A wormhole trip will be too slow, new study shows

In a new study, a group of physicists found that it is possible to travel through wormholes, but it will be a slow trip.

Wormholes are tunnels in curved space-time, connecting two distant places.

But the problem is that it’s not useful for humans to travel through because it takes longer to get through these wormholes than to go directly.

The team suggests that the real importance of their work is in its relation to the black hole information problem and the connections between gravity and quantum mechanics.

In the study, they focused on two black holes that were entangled on a quantum level.

They found that the direct connection between the black holes is shorter than the wormhole connection.

But the theory may give new insights into quantum mechanics. The team suggests that travel through the wormhole is equivalent to quantum teleportation using entangled black holes.

Their theory was based on a setup first devised by Einstein and Rosen in 1935.

It consists of a connection between two black holes (the term wormhole was coined in 1957).

Because the wormhole is traversable, it was a special case in which information could be extracted from a black hole.

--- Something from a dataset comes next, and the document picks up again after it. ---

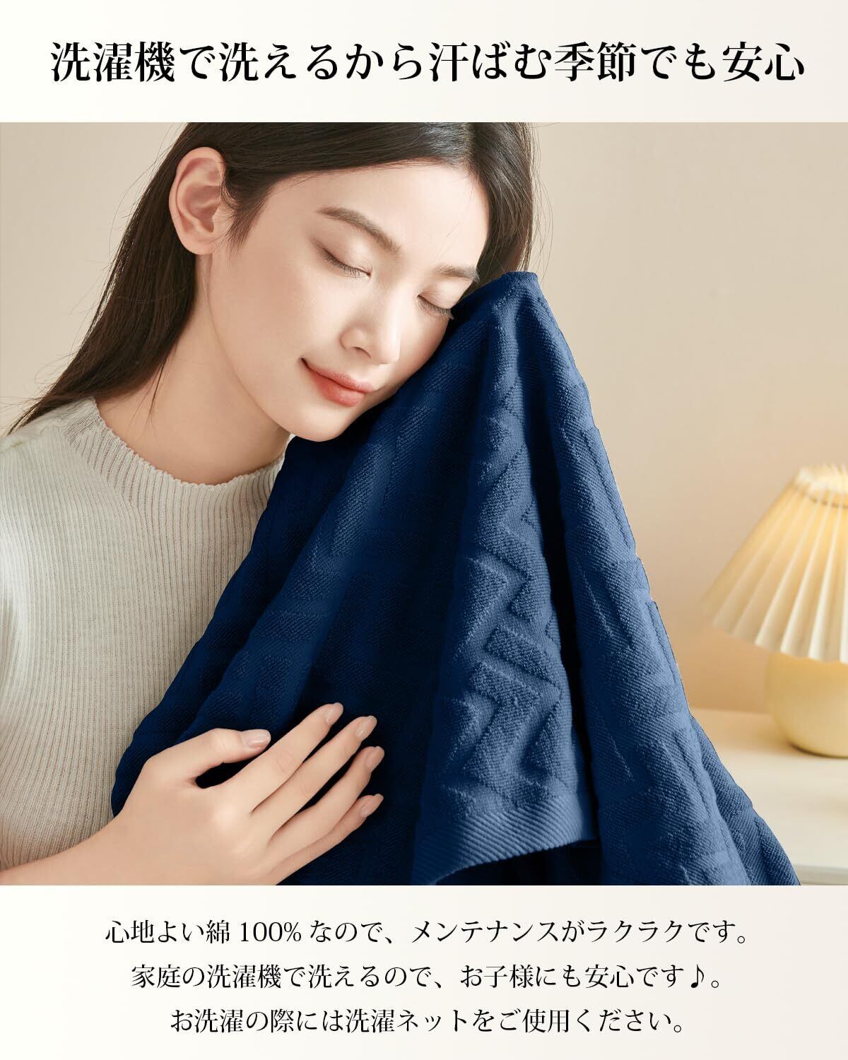 HOSUR タオルケット シングル 夏用 ブランケット 綿100% 柔らかい ふんわり 柔らかく 洗える 吸湿速乾 抗菌防臭 オールシーズン快適 (ネイビー 140*190cm)

Formulating traversable wormholes needs negative energy, which seemed to be inconsistent with quantum gravity.

However, the team has overcome this with quantum field theory tools. They calculated quantum effects similar to the Casimir effect.

The new finding may help construct a wormhole through which light could travel and may help develop a theory of quantum gravity.

The authors of the study are Daniel Jafferis from Harvard University, Ping Gao, also from Harvard and Aron Wall from Stanford University.

The study was presented at the 2019 American Physical Society April Meeting in Denver.